= WHAT IS NEEDED =
For the entries below, the expected answer is the line with "To change position", the line with "- Musk, Elon.", and every line between them, exactly as written, and nothing more.

= PROVIDED MATERIAL =
··········

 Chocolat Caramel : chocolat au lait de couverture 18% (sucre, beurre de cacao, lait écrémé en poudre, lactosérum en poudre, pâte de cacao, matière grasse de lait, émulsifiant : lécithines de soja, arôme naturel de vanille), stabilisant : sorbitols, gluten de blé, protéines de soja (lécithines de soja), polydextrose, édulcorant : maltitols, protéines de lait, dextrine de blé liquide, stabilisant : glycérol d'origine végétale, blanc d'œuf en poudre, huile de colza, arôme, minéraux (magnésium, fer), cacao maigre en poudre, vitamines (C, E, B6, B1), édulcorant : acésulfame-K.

··········

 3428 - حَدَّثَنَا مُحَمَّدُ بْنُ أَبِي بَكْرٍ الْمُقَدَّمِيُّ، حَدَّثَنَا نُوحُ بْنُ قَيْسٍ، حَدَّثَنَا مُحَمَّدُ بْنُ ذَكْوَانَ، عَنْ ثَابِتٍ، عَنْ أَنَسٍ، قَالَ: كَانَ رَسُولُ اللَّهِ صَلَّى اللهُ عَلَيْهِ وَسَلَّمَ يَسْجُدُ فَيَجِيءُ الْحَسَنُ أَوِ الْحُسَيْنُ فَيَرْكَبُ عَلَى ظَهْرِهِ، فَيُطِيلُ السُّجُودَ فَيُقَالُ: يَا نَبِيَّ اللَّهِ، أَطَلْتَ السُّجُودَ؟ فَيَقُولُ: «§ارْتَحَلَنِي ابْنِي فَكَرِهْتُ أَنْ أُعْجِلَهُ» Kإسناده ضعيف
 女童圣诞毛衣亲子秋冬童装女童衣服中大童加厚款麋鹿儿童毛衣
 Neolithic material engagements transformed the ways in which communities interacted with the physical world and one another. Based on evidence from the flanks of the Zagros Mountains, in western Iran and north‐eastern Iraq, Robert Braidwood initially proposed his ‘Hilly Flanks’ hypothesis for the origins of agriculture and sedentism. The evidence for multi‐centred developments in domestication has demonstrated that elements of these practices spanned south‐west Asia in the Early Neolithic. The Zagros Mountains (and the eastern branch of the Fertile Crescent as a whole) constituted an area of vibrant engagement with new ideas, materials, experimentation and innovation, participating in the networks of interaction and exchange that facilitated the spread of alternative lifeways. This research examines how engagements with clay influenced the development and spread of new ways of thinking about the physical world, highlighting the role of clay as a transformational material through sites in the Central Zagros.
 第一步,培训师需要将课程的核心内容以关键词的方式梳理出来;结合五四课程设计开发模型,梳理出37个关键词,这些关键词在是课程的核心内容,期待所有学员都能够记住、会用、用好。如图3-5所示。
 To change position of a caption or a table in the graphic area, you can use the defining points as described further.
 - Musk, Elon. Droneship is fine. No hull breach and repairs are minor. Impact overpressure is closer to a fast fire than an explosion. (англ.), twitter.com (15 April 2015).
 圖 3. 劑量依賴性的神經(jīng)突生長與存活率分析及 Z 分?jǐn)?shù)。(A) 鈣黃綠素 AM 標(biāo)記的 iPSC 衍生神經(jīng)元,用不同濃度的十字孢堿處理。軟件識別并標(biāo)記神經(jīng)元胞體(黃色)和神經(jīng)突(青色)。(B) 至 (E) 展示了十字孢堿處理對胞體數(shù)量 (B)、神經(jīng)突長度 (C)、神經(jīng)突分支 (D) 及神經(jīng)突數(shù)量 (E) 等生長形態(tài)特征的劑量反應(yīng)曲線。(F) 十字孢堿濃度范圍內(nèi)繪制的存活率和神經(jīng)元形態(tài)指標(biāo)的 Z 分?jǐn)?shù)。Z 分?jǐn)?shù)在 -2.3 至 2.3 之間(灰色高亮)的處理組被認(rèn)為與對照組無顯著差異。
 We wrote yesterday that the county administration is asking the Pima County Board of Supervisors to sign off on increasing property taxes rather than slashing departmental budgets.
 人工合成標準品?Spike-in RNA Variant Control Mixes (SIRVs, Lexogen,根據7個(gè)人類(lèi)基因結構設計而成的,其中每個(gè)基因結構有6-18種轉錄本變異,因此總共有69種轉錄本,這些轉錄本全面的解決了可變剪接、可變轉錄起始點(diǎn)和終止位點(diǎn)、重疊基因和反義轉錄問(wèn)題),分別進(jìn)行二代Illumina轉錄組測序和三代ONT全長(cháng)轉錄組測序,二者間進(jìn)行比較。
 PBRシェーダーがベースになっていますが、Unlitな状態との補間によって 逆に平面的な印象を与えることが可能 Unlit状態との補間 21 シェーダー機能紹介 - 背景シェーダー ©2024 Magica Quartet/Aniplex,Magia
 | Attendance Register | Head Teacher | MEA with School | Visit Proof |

··········

= THE ANSWER =
 To change position of a caption or a table in the graphic area, you can use the defining points as described further.
 - Musk, Elon. Droneship is fine. No hull breach and repairs are minor. Impact overpressure is closer to a fast fire than an explosion. (англ.), twitter.com (15 April 2015).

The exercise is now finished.